[Supplied information]
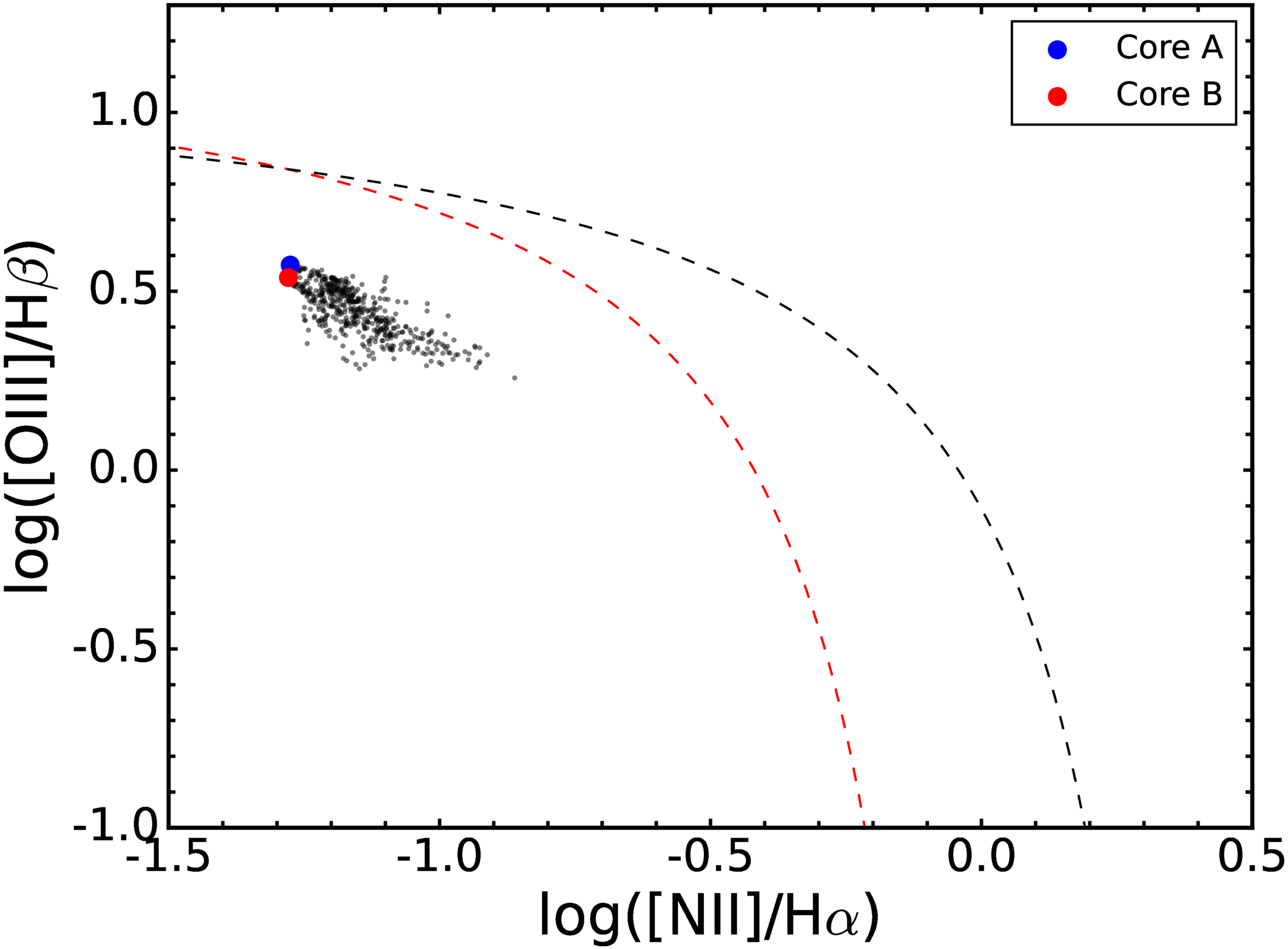 The BPT diagram for spaxels (black dots) of MCG+08-16-005 with an SNR > 10. The region above the black curve from (L. J. Kewley et al. 2001) indicates AGNs, while the area below the red curve from G. Kauffmann et al. (2003) indicates star-forming galaxies. Blue and red circles represent spaxels from Core A and Core B, respectively.
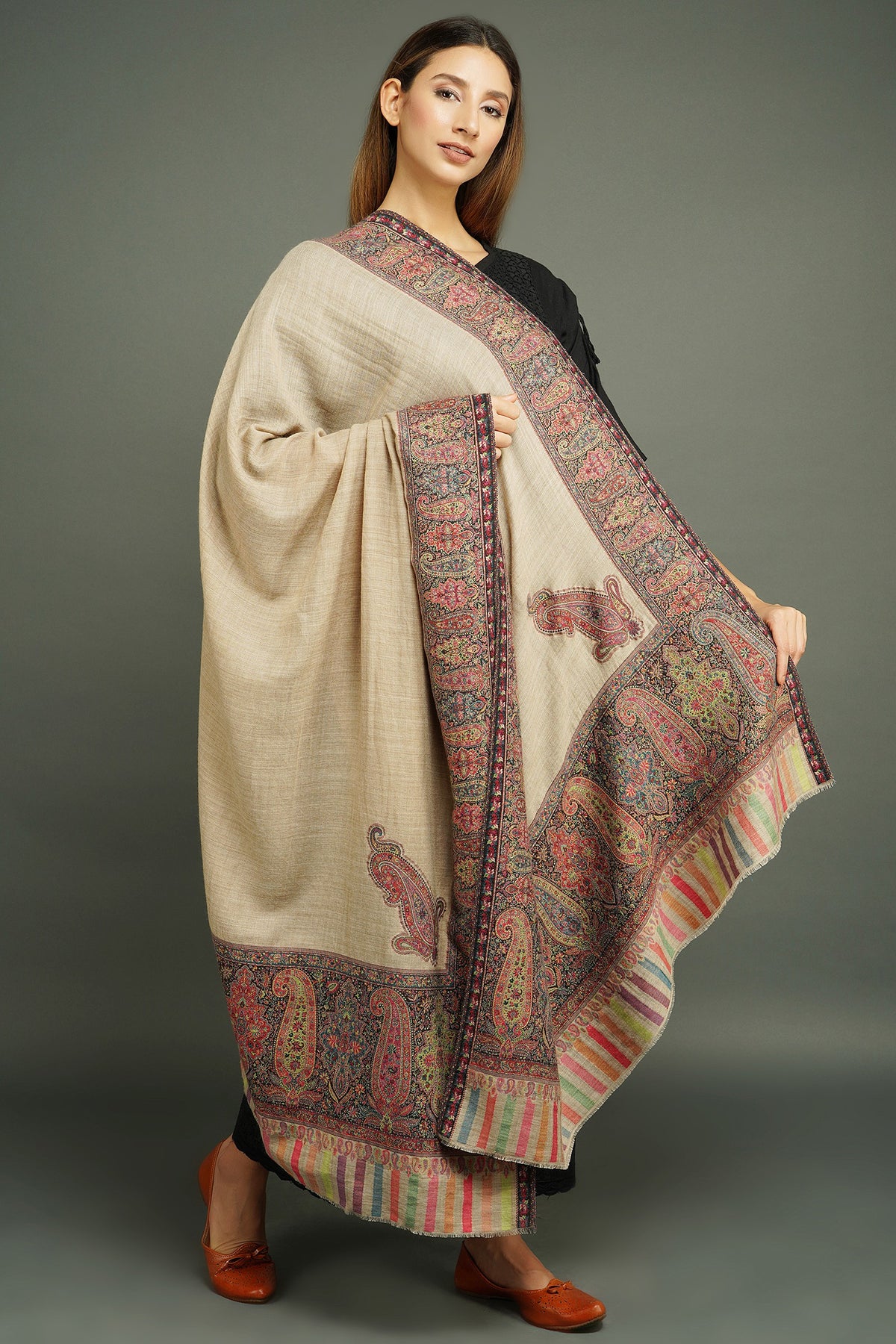 This Pashmina wool with Antique Jamawar border with Paisely detailling shawl, exclusively for your fine taste. This soft, warm, light-weight Shawl will level up your Stylistic game with ease. Pair it with any outfit and the shawl size 40x80.
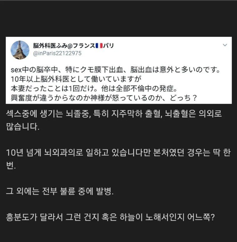 - 19세기 프랑스 작가 알렉상드르 뒤마는 젊은 여성과 합의하에 성관계를 하다가 심장마비로 사망했다고 한다.
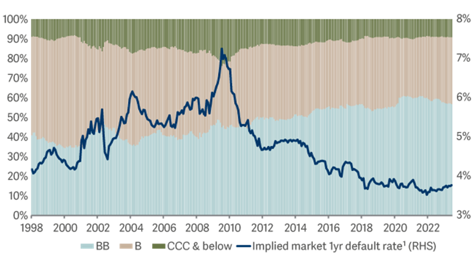 Source: ICE BofA Merrill Lynch Global High Yield Constrained Index as at 30 June 2023. 1Implied market 1yr default rate is based on S&P median default rates 1981-2021.
[/Supplied information]
• To do
An unchanged copy of the listing, with no pictures, should be returned.

• Exercise response
 The BPT diagram for spaxels (black dots) of MCG+08-16-005 with an SNR > 10. The region above the black curve from (L. J. Kewley et al. 2001) indicates AGNs, while the area below the red curve from G. Kauffmann et al. (2003) indicates star-forming galaxies. Blue and red circles represent spaxels from Core A and Core B, respectively.
 This Pashmina wool with Antique Jamawar border with Paisely detailling shawl, exclusively for your fine taste. This soft, warm, light-weight Shawl will level up your Stylistic game with ease. Pair it with any outfit and the shawl size 40x80.
 - 19세기 프랑스 작가 알렉상드르 뒤마는 젊은 여성과 합의하에 성관계를 하다가 심장마비로 사망했다고 한다.
 Source: ICE BofA Merrill Lynch Global High Yield Constrained Index as at 30 June 2023. 1Implied market 1yr default rate is based on S&P median default rates 1981-2021.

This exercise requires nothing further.